RECORDED INFORMATION:

Content starts

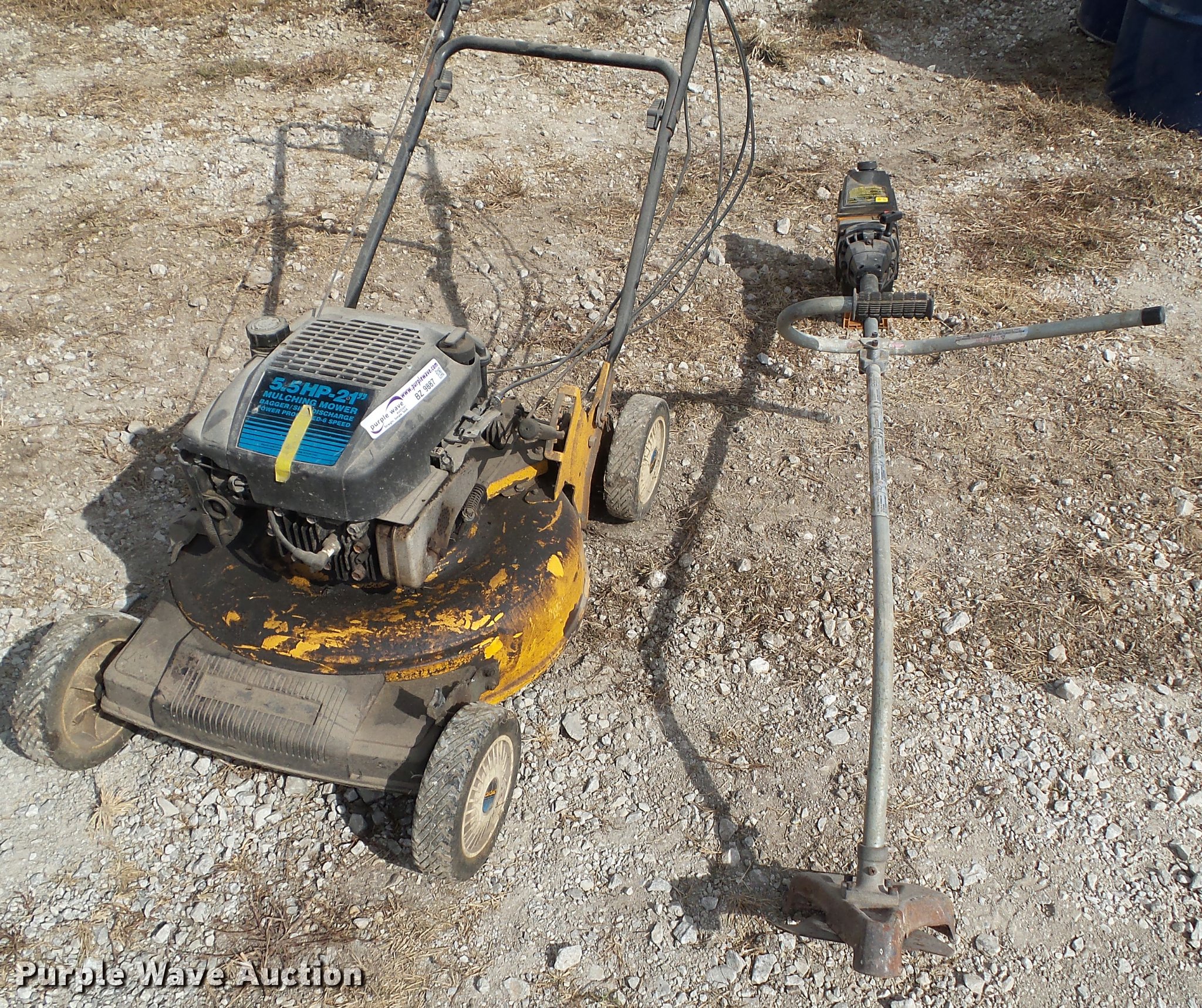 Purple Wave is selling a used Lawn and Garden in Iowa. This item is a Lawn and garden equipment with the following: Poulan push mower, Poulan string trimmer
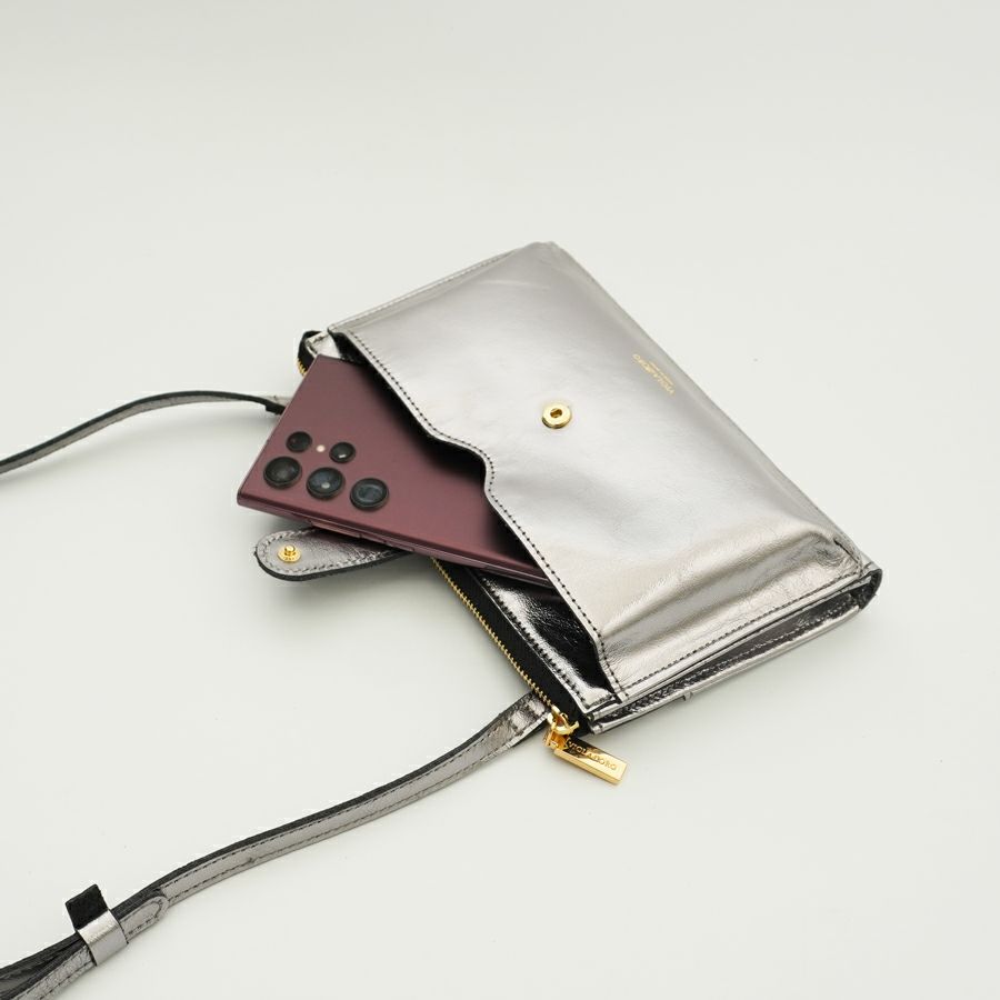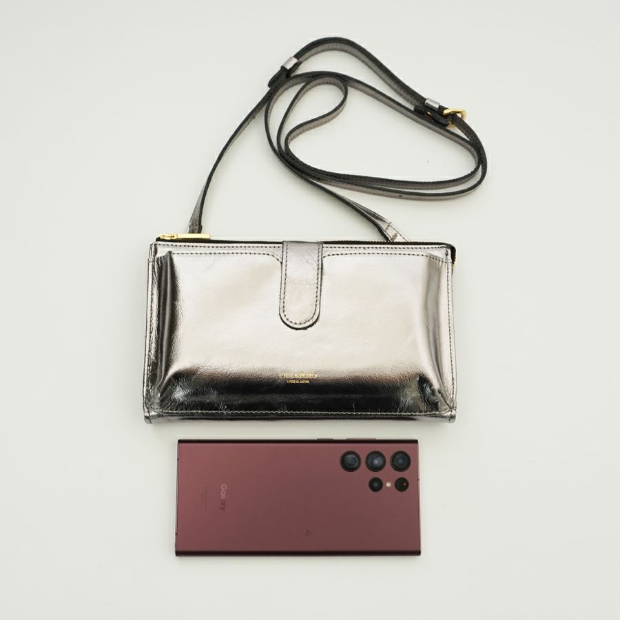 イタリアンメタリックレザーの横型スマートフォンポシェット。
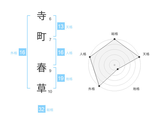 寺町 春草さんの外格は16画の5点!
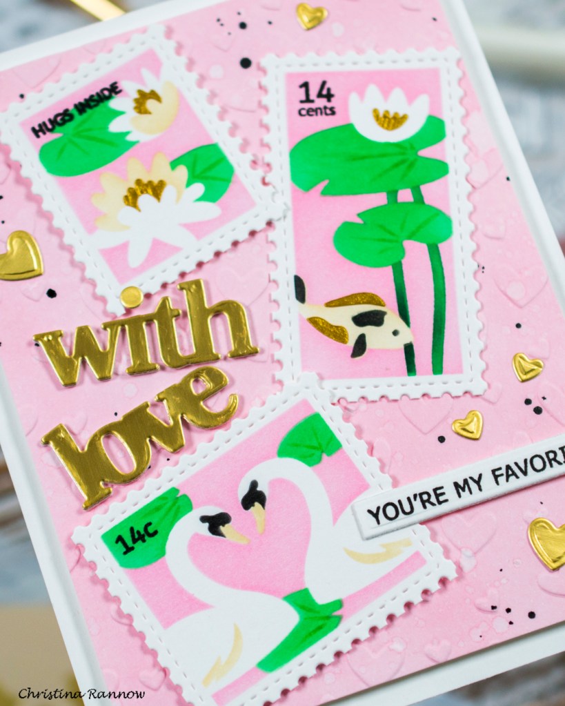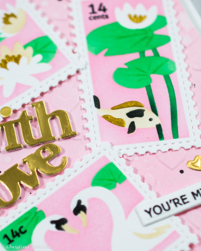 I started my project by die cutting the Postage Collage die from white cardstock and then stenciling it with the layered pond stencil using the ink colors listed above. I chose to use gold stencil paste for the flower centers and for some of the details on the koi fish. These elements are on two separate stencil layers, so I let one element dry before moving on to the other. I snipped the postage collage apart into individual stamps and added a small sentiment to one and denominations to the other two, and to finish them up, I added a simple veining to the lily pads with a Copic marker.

Content ends

DIRECTIONS FOR THIS TASK:
In the answer, the data should reappear exactly, with no pictures.

RESPONSE:
 Purple Wave is selling a used Lawn and Garden in Iowa. This item is a Lawn and garden equipment with the following: Poulan push mower, Poulan string trimmer
 イタリアンメタリックレザーの横型スマートフォンポシェット。
 寺町 春草さんの外格は16画の5点!
 I started my project by die cutting the Postage Collage die from white cardstock and then stenciling it with the layered pond stencil using the ink colors listed above. I chose to use gold stencil paste for the flower centers and for some of the details on the koi fish. These elements are on two separate stencil layers, so I let one element dry before moving on to the other. I snipped the postage collage apart into individual stamps and added a small sentiment to one and denominations to the other two, and to finish them up, I added a simple veining to the lily pads with a Copic marker.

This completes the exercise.